Vista? Oh boy......I would suggest upgrading to Win7 as soon as you have the time and money.

On your backup....assuming you used the MS backup....there should be a recovery procedure.....however, if the files are not there.....there is a good chance the backup did not complete....hence....the stuff is gone.

I find doing backup's a PIA.....I'm looking into getting an NAS wireless router. Basically, it's a wireless router that allows you to connect an HD to it (usually USB) and the drive looks like a network drive. So....you hang that out there and everyone at your house can use that drive to store stuff. As cheap as TB drives are getting....you can hang one on there....and then periodically just do a brute force copy from it to a second drive.


----------



## rossfingal (Mar 20, 2011)

kwikfishron
Any resolution to this problem?


----------



## kwikfishron (Mar 11, 2010)

Not yet…I posted on that forum you linked and did what the guy said but nothing. http://www.bleepingcomputer.com/forums/topic479293.html

Once I got to the registry editor I changed the location of the Pictures and the Personal folders as you can see below but nothing seemed to change. Not sure I did it right though.

This really pisses me off…When running the recovery program the first thing it asked was if I wanted to backup my personal stuff which included checking off boxes of what I wanted to save like Pictures, Documents, etc. I checked them all and it took over a hour to create the disk.

Most of the documents really don’t matter and most of my pictures I still have on camera memory cards but there are a couple of spreadsheets I created and have been improving on over the years that I use for estimating and job tracking I really want back. Having my Bookmarks back would be nice too.

Thank God QuickBooks is on another computer that I never go online with.


----------



## gregzoll (Dec 25, 2006)

This is one reason why I keep stuff in my box.com account, along on a 1TB pocket drive.


----------



## funfool (Oct 5, 2012)

I have to agree losing files suck. Sometimes all we can do is take it as a lesson learned.
I get a little over protective sometimes. My back up procedure:

I have 4 hard drives installed on this work station, 3 I play with and have 5 operating systems installed. On the 4th drive, is just used for backup's. I only mount that drive when doing a backup, the rest of the time it is not running just to save wear and tear.

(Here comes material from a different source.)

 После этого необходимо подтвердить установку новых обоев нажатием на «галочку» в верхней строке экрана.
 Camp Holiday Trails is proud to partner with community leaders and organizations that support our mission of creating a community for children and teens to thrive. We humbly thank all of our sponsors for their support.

Then I have a external drive would be 5th drive, everything on 4th drive is synced to the external drive.
1: I have the original files
2: they are backed up on another drive
3: that drive is then backed up again on another drive not on the pc.

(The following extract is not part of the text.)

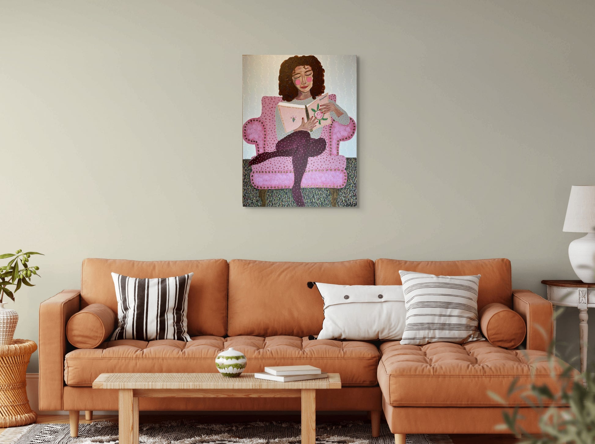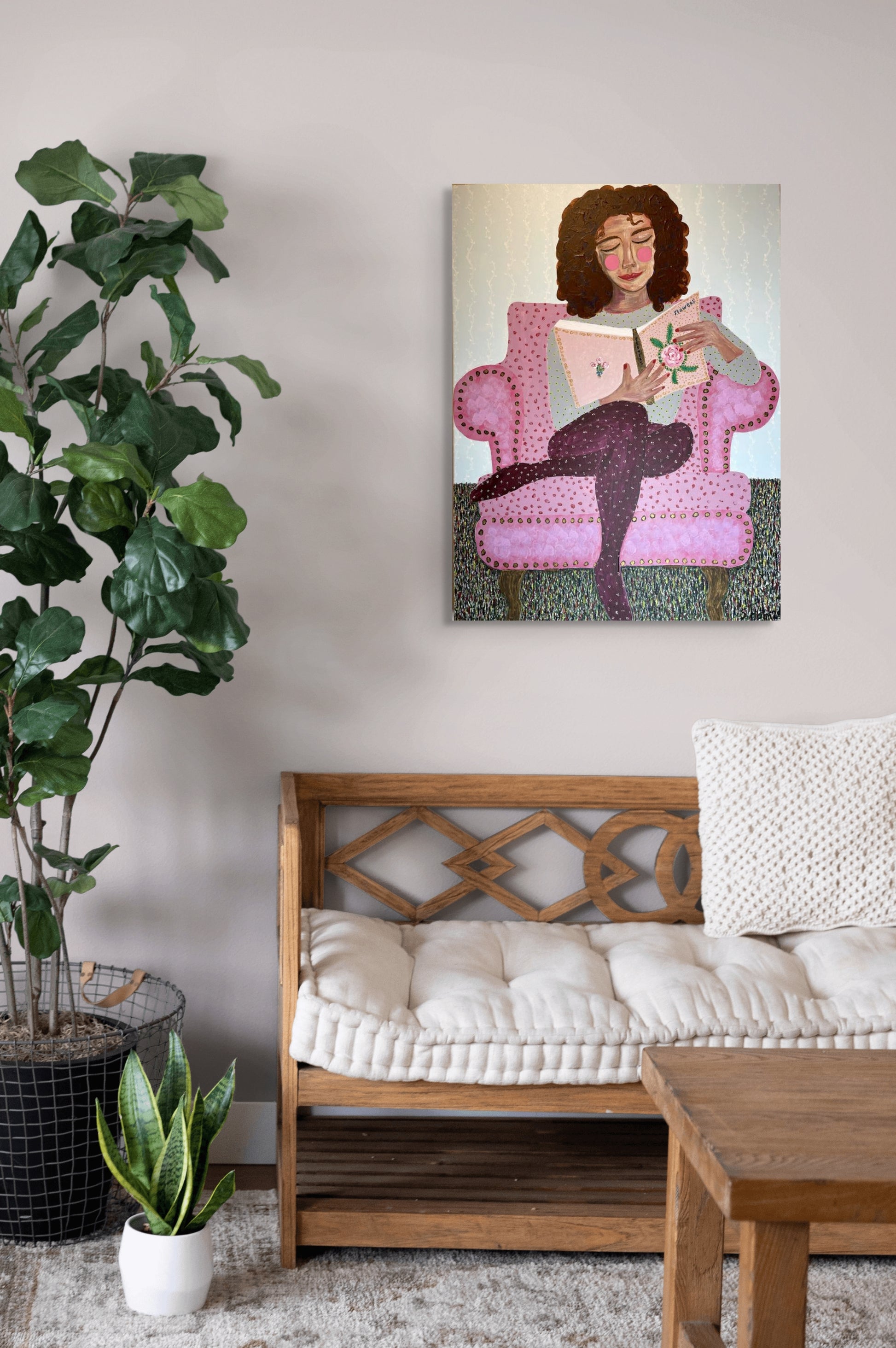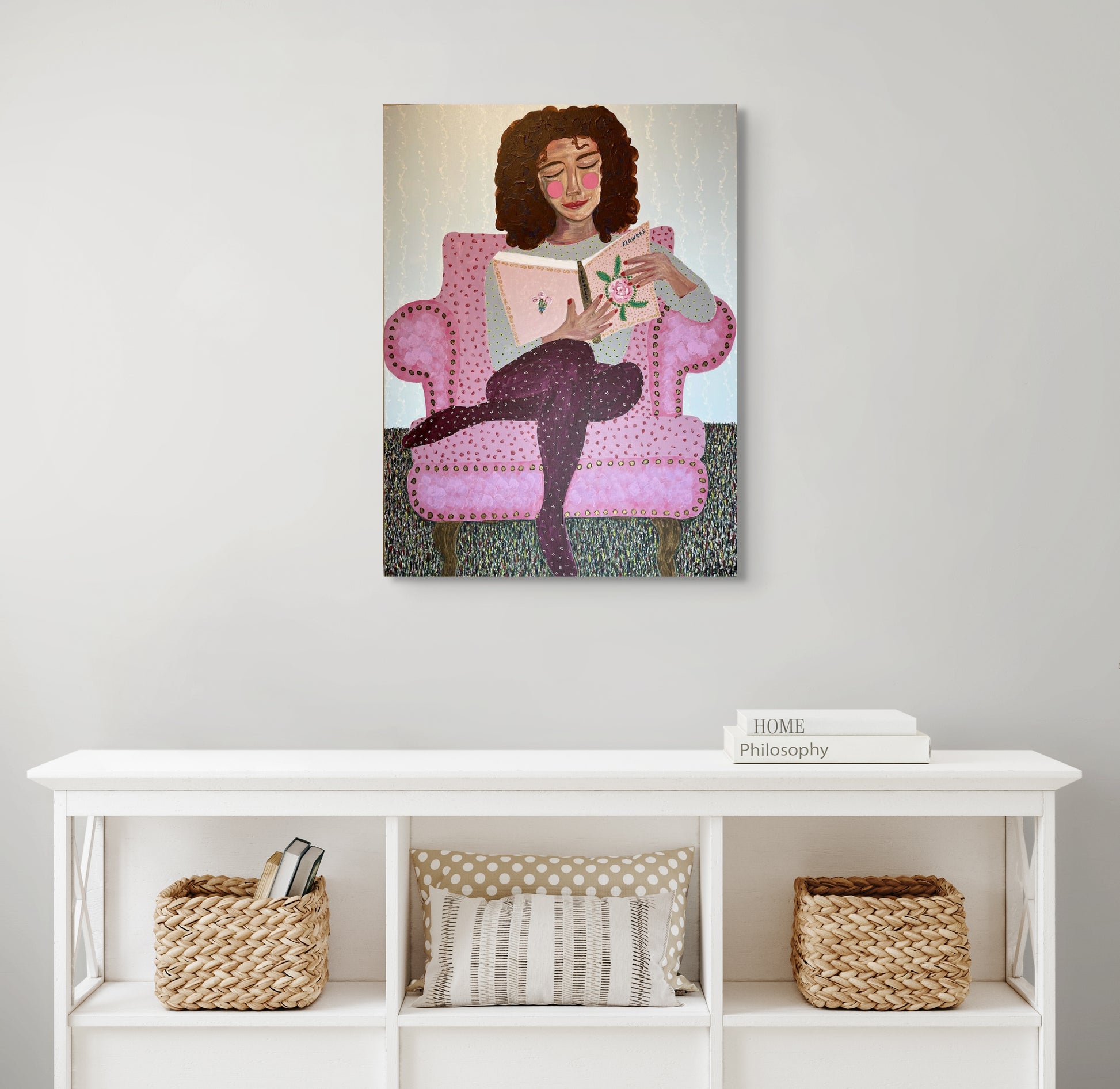 Friður, slökun, ró og næði. Tími til að hverfa inn í annan heim. Leyfa huganum og lönguninni í fróðleik að taka yfir um stund. Setjast í bleika stólinn og hverfa á vit ævintýranna. Yndis lestur er táknræn fyrir nærandi tíma fyrir sjálfið, tími fyrir endurheimt og endurstillingu. Falleg orð á prenti, hverfandi list en svo nauðsynleg og nærandi í lífsins ólgu nútímans.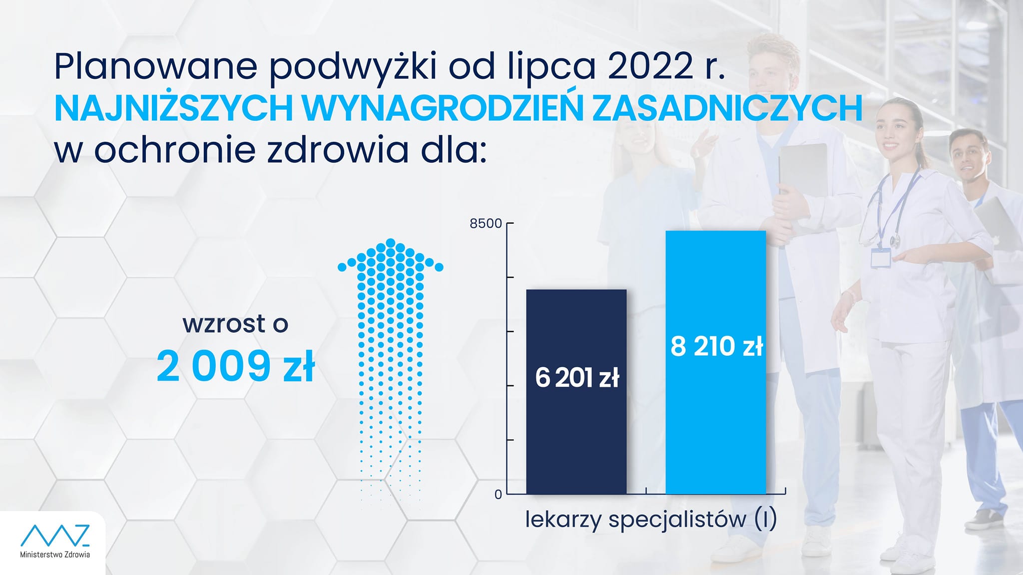 - Wzrost płac przewidziany jest na lipiec 2022 r. Podwyżki będą m.in. dla lekarzy, pielęgniarek, ratowników medycznych, diagnostów, fizjoterapeutów czy pracowników niemedycznych

All most need is option 3, that is adequate protection for most. 
Is just sad when people lose years of family photos or other important docs that can not be replaced. Am I paranoid with my backup plan? Maybe ... but I will have my files if something goes bad.
A drive can fail at any time with no warning.


----------



## rossfingal (Mar 20, 2011)

Well - a lot of very informative things here!
However, I think what the "OP" is looking for - is some way to access
spread-sheets.
Hey "kwik" - did you have some type of "MS Office" installed on your
computer? - before a "Recovery"?
"Excel" files?
Have you got "Office" - reinstalled?


----------



## dougp23 (Sep 20, 2011)

kwik,

how many users were defined on the system before and after the restore? For instance, maybe you had "Kwik" and "Fish" as users. If you do the restore, and login as Fish, you won't see any of Kwik's files. I have done this a few times. try browsing your C drive, go to USERS, and see what's in there. (You should see a folder for each user).


----------



## kwikfishron (Mar 11, 2010)

rossfingal said:


> Well - a lot of very informative things here!
> However, I think what the "OP" is looking for - is some way to access
> spread-sheets.


Yep…the would of, should of, could of post aren’t much help with the issue at hand but I know how things work around here sometimes... :whistling2: It's all good though!

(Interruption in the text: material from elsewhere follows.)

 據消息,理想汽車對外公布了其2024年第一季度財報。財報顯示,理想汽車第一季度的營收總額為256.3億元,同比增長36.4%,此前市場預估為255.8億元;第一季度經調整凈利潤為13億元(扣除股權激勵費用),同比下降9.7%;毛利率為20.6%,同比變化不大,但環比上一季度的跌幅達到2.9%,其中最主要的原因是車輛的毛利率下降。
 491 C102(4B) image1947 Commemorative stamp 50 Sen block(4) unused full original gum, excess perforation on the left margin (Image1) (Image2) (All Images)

Just got back from Xmas dinner to hear the sound of water hissing in the laundry room…busted pipe... Pretty sure the hardware store is closed tonight so no water. :wink:

MERRY CHRISTMAS… :laughing::laughing::laughing:

Don’t want to think about the "crash aftermath" right now, will update later.

Thanks guys. :thumbsup:


----------



## kwikfishron (Mar 11, 2010)

:clap: I found it all :clap:

From the beginning I tried using the start up search box to look for file and folder names I could remember and came up with nothing. I tried the same thing today in the advance search and it found the folder that contained everything I backed up. 

Now I guess I just have to manually put all of the sub folders back where they belong. 

I spent hours searching online, asking the same question a hundred different ways and came up with nothing, then it turns out the solution was stupid simple. :laughing:


----------



## ddawg16 (Aug 15, 2011)

glad you found it.......

Sorry about the busted pipe though.......

If it makes you feel any better.....I was having to snake out a 2" kitchen drain Christmas eve.....better than Christmas day.....makes real glad I did the extension on that 2" line to the outside of my house....it's a real b!tich draging a snake 30' under my house.....and I'm glad a keep a 25' snake for these small jobs....(side note....plumbers earn every cent...if anything, just for hazard pay)


----------